Q12. In fig 10.135, the measure of ∠B’A’C’ is
(a) 50°
(b) 60°
(c) 70°
(d) 80°
(b) 60°
(c) 70°
(d) 80°
Solution
From the figure
AB=A’B’=6cm
BC=B’C’ =5cm
∠B=∠B’=60°
So, By SAS Criteria,
∆ABC≅∆A'B'C'
So,
∠A=∠A’
⇒3x=2x+20
⇒3x-2x=20
⇒x=20
We have to find
∠A’B’C’=2x+20
=2×20+20=60
So, ∠A’B’C’=60°
Hence, here, option (b) is correct.
Q13. If ABC and DEF are two triangles such that
∆ABC≅∆FDE and AB=5cm, ∠B=40° and ∠A=80°. Then which of the following is true?
DF=5cm, ∠F=60°
DE=5cm, ∠E=60°
DF=5cm, ∠E=60°
DE=5cm, ∠D=40°
Solution
The above diagram, is according to question.

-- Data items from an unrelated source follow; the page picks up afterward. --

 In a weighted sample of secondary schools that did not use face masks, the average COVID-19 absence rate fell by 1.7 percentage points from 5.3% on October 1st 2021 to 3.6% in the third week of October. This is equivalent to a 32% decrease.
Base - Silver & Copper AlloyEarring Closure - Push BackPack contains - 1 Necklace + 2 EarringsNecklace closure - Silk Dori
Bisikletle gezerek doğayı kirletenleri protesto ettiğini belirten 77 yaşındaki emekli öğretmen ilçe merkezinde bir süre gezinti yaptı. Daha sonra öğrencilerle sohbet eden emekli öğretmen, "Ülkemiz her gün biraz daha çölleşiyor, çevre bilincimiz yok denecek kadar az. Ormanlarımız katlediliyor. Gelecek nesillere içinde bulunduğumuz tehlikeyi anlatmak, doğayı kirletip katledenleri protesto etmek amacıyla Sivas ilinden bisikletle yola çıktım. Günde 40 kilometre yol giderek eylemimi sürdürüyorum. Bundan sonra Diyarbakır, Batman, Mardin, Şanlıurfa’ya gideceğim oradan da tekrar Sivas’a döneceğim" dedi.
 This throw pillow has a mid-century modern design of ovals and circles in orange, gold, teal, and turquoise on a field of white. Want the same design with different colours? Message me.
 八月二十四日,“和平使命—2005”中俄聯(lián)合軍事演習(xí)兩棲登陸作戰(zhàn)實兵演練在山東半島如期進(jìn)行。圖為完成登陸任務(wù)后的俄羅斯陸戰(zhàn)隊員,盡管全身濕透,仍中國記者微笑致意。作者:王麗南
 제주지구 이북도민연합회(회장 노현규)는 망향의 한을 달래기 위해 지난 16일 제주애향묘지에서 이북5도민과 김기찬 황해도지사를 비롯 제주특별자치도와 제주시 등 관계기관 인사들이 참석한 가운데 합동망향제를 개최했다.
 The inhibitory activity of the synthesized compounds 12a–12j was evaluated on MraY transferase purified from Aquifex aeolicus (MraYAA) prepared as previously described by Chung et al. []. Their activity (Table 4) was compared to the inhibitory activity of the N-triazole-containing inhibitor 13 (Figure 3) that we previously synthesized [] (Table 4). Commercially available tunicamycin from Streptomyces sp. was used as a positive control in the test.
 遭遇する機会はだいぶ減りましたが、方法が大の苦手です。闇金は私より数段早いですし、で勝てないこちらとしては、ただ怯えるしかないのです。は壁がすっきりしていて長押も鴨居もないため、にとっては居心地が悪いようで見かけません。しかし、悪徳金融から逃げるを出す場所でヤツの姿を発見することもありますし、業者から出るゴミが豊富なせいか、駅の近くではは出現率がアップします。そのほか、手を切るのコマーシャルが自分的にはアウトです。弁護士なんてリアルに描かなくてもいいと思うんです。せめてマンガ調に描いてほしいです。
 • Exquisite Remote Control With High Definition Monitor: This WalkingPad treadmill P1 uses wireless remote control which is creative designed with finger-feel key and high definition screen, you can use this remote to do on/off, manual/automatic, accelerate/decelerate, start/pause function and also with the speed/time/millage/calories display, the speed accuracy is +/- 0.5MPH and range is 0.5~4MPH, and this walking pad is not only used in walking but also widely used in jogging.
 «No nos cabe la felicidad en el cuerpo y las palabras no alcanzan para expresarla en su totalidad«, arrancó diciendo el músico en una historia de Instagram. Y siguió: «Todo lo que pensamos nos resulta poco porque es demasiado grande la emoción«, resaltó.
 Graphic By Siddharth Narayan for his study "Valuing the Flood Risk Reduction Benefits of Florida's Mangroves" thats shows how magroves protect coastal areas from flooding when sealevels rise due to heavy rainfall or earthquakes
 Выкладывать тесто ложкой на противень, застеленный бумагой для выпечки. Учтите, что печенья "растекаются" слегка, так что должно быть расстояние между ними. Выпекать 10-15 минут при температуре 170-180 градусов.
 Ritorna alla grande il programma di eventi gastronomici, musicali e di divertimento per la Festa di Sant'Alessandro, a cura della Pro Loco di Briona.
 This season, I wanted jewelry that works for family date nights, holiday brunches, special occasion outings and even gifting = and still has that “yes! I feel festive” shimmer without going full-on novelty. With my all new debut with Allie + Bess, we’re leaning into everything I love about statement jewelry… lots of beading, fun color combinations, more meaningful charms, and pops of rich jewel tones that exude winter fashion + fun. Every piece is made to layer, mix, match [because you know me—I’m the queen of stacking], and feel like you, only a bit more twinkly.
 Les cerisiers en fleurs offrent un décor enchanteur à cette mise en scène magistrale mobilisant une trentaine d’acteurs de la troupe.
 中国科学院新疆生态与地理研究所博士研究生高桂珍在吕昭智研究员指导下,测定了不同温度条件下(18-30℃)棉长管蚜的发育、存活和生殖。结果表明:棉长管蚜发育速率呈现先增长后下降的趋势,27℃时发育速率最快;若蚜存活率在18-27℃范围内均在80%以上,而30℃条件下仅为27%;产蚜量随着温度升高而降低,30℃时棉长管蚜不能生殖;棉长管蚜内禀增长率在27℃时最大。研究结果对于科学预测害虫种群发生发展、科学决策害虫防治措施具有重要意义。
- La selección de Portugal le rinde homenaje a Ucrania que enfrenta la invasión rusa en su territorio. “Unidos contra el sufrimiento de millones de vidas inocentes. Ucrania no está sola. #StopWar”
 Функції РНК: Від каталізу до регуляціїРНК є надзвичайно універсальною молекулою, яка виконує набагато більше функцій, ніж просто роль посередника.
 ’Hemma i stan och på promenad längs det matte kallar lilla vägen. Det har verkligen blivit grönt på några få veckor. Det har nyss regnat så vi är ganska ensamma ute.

Since, Sum of all angles is 180°
∠A+∠B+∠C=180°
⇒80°+40°+∠C=180°
⇒120°+∠C=180°
⇒∠C=180°-120°=60°
Now, Since, ∆ABC≅∆FDE
Corresponding sides and angles will be equal
That means
DF = AB = 5cm
∠F=∠A=80°
∠E=∠C=60°
So, DF= 5cm, and ∠E=60°
That is option (c) here. So, option (c) DF=5cm, ∠E=60° is correct.
Q14. In figure, 10. 136, AB ⟂BE and FE ⟂BE. If BC=DE and AB=EF, then ∆ABD is congruent to
(a) ∆EFC
(b) ∆ECF
(c) ∆ CEF
(d) ∆FEC
(b) ∆ECF
(c) ∆ CEF
(d) ∆FEC
Solution
From the diagram
BC=DE
BC+CD=DE+CD
BD=EC
Also, it is given AB ⟂BE and FE ⟂BE
That makes
∠ABD=90°
∠FEC=90°
Now consider triangles ABD and FCE
AB=FE (given in question)
∠ABD=∠FEC=90°
BD=EC
So, by SAS criteria, ∆ABD≅∆FEC
So, here, ∆ABD is congruent with ∆FEC.
So, here Option (D) is correct.
Q15. ABC is an Isosceles triangle Such that AB=AC and AD is median to base BC. Then ∠BAD=
(a) 55°
(b) 70°
(c) 35°
(d) 110°
(b) 70°
(c) 35°
(d) 110°
Solution
For Isosceles triangles, the median of unequal side, is perpendicular to the side.
So, AD is perpendicular to side AC
So,
∠ADB=∠90°
In triangle ABD,
∠ADB+∠ABD+∠BAD=180°
⇒90°+35°+∠BAD=180°
⇒125°+∠BAD=180°
⇒∠BAD=180°-125°=55°
So, ∠BAD=55°, hence, here option (a) is correct.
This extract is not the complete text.